Восторг переполнял меня. Ожидание чего-то. Ловил хмурые взгляды: «Тебя бы сюда на всю жизнь – не лыбился бы!»
В воскресенье я, как прилежный мальчик, директорский сынок, стоял на берегу, над розовой гладью пруда, не отводя глаз от поплавка. В этом пруду (как уверял отец, вырытом еще пленными шведами) ловились даже лини – тонкие, матовые и без чешуи. Самые древние рыбы.
Пахнуло алкоголем. Но я уловил не только алкоголь… что-то из ароматов кинозала. Она! Обычно она была не одна. И очень даже не одна! Но сейчас – с подружкой. Встали вплотную за мной, едва не касаясь сосками моей спины. Даже тепло ее дыхания на шее! Перехихикивались… Но этого мне было мало, чтобы к ним обернуться. Или – слишком много? Все внимание – поплавку.
– Вот с этим пареньком я бы пошла прогуляться, – насмешливо проговорила ударница труда.
– Да ты что? – прошептала подруга. И зашептала совсем тихо, наверное: «Это директорский сынок».
– Ну и что? – грудным своим голосом, во всем его диапазоне, произнесла ударница порока. – Уволят? – добавила вызывающе.

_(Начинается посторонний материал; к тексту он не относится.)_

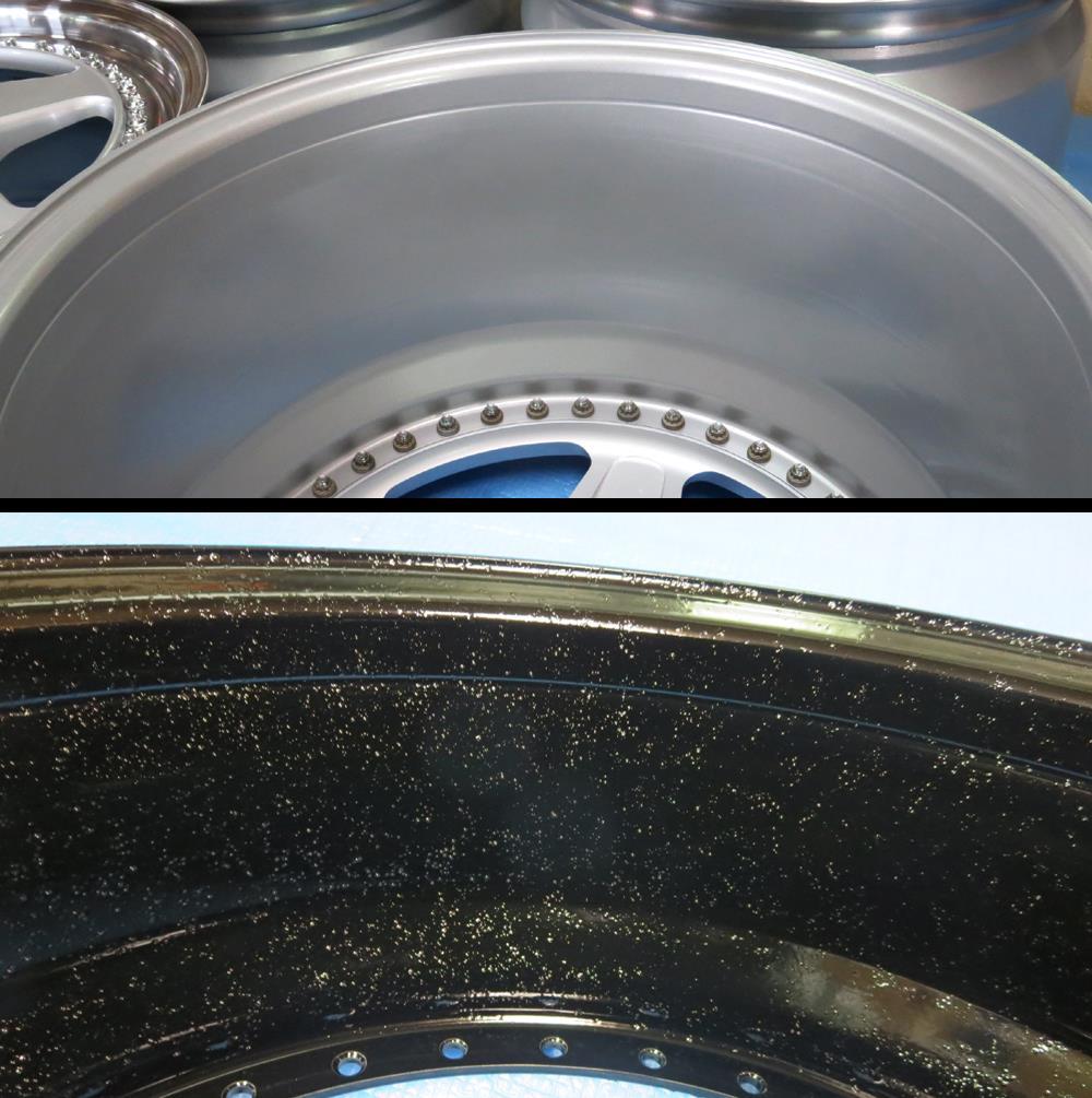 高級鍛造(FORGED)ホイールほど良い結果が出ますが一部の海外製の鋳造(CAST)ホイールなど余計に手間掛けた割にはここまでならないモノも有ります。

Ей хотелось действий, а я стоял как пень. «Трудный клиент!» – как говорили мы с приятелями несколько позже.
– Встретиться бы с ним на этом самом месте… часиков в шесть! – произнесла она достаточно громко.
И они, хихикая, ушли. Уши мои раскалились. Я еще долго не двигался – вдруг они рядом. Наконец, расслабился, но не настолько, чтобы обрести здравый смысл… Долго, тщательно сматывал удочку – иначе нельзя! Но как ни мотай – от главной темы не отмотаться: «Что это было? В шесть часов? Через час?.. Не может этого быть!» И какова же была у меня сила воображения (при отсутствии воли), что я доказал себе: «Ну конечно же, она назначила в шесть утра! Можно много успеть!»

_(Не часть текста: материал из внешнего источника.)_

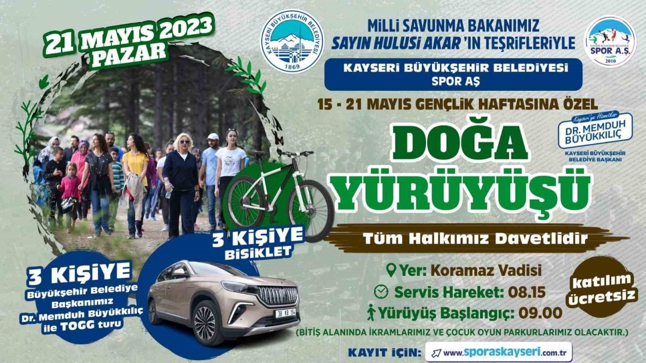 Kayseri Büyükşehir Belediyesi bünyesinde kentte spor faaliyetlerini yürüten Spor A.Ş. ‘Doğada buluşalım’ sloganı ile ‘15-21 Mayıs Gençlik Haftası’na Özel Doğa Yürüyüşü’ etkinliği düzenliyor. 21 Mayıs Pazar günü düzenlenecek etkinlikte çekilişle belirlenecek 3 kişiye bisiklet hediyesi ve 3 kişiye de Büyükşehir Belediye Başkanı Dr. Memduh Büyükkılıç ile TOGG turu hediyesi katılımcıları bekliyor.
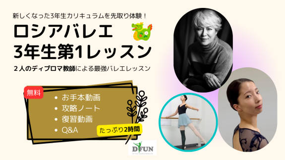 全12レッスンあるうちの第1レッスンを構成するバー、センター、アレグロ、ポアントの全てを、ディプロマ取得教師2名による最強タッグによる指導にて体験して頂けます。

И я пришел в шесть утра! Хорошо, что она не начертала чего-нибудь на песке! Отправился «на наряды» с чистой совестью.
…Ось катка то и дело забивается грязью, каток (бревно) не крутится, и лошадь сразу же останавливается. Тяжелее тащить. Надо сгрести с бревен лишнее. Бока лошади «ходят». Устала. И вот – демарш: она поднимает хвост, маленькое отверстие под хвостом наполняется, растягивается, и «золотые яблоки», чуть дымящиеся, с торчащими соломинками, шлепаются на землю. Наматывать это на каток мы не будем, иначе этот аромат – и само «вещество» тоже – будут с нами всегда. Уберем вручную с пути. Ну что, утонченный любитель навоза? Счастлив? Да! Можно катиться дальше.

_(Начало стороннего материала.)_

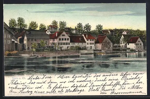 AK Stein a. Rh., Ortsansicht mit Uferpartie

«А у меня есть выносливость!» – понял я.
Тут я дал слабину: съехал с лошадью к ручью – поплескать подмышки, умыть лицо. Ну, и побрызгать на лошадь. Кожа ее, где попадали капли, вздрагивала, она пряла ушами и вдруг заржала. Надеюсь, радостно. Но бревно впялить обратно на бугор долго не удавалось, вспотели с моей кобылой, хоть снова мойся. «Сладкий пот труда. Но двигаюсь не туда!» Этот каламбур я, решившись, сказал вечером отцу.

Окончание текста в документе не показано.